In the Great Lakes and Central regions, price gains were led by increases in Ohio and Indiana, both 8 cents per gallon higher on the week. "With these increases, many states' averages have surpassed the $2 per gallon mark," the AAA said.
The Great Lakes and Central region price increases occurred despite a gasoline inventory build, "adding a staggering 2.7 million barrels," and with a total of 57 million barrels that is a 4 million barrel year-over-year surplus.
As for the Rockies, most states there saw some of the biggest changes in fuel prices in the country. Wyoming, with an average 8 cents per gallon decline, saw the biggest change there.
Gasoline prices in the Rockies, about 40 cents less than a month ago, are on the decline as regional refinery utilization is at its highest in weeks. Inventories added 242,000 barrels during the week and are expected to continue to increase throughout the winter, the AAA said.
In the South and Southeast, gasoline prices fluctuated "with increases and decreases as much as four cents on the week."
"The majority of states continue to carry the cheapest gas prices in the country," the statement said. Arkansas, at $1.90 per gallon has the lowest price. The region saw a small build in inventories.
In the Mid-Atlantic and Northeast fuel prices saw "small jumps and decreases," amid low demand and a continued gasoline inventory buildup. Delaware saw a 4 cent per gallon price increase.
In the West Coast, where fuel prices are consistently among the highest in the nation, all state averages moved lower in the week, led by Alaska with a decline of 8 cents per gallon.
California, which has stricter pollution control standards, is the nation's most expensive market with a gallon there costing $3.28.
West Coast prices declined as gasoline stocks surged by 2.4 million barrels, "the largest one-week build in nearly 26 years."
Fuel sold in service stations across most of the United States is a combination of either RBOB, Reformulate Gasoline Blendstock for Oxygenate Blending, or CBOB, Conventional Blendstock for Oxygenate Blending. Some states use RBOB and others CBOB. California mandates a special formula named CARBOB.
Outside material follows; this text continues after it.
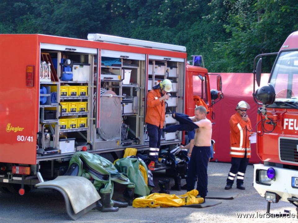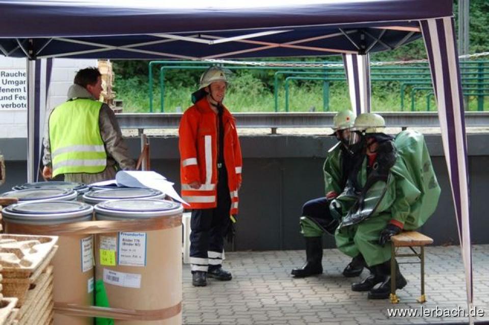 Gleichzeitig gab es einen angenommenen Unfall bei Fa. Zuelch, zu dem der Gefahrgutzug ausrücken musste, da in der Firma viele Chemikalien zur Farbherstellung lagern.
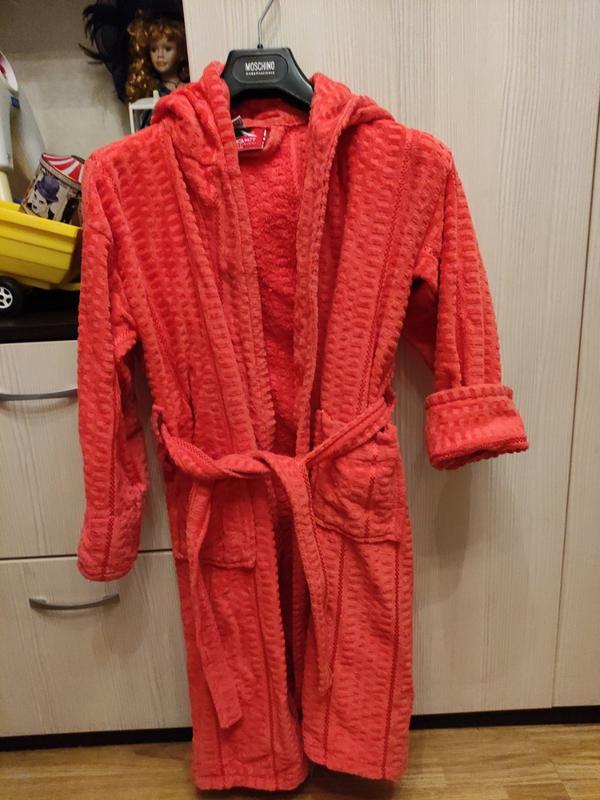 Продам халат для девочки в хорошем состоянии, качественный и очень приятный к телу. По бирке 12. Мы носили где то со 140, 146 рост. Подойдёт и на больше. рукав можно подкатывать. Цвет коралловый, чуть тусклее, чем на фото, но очень красивый

These blendstock products are all naphtha obtained from crude oil. The naphtha is in most cases later mixed with about 10 percent ethanol, which is an oxygenate added so that the ending emission is cleaner.
RBOB gasoline futures for February delivery were quoted Tuesday morning at $1.39 per gallon. This compares with $1.34 per gallon on January 8 for February delivery.
Ethanol, which is alcohol that in the United States is mostly derived from corn, was quoted early Tuesday at $1.29 for February delivery, slightly higher than $1.28 per gallon for February delivery a week earlier.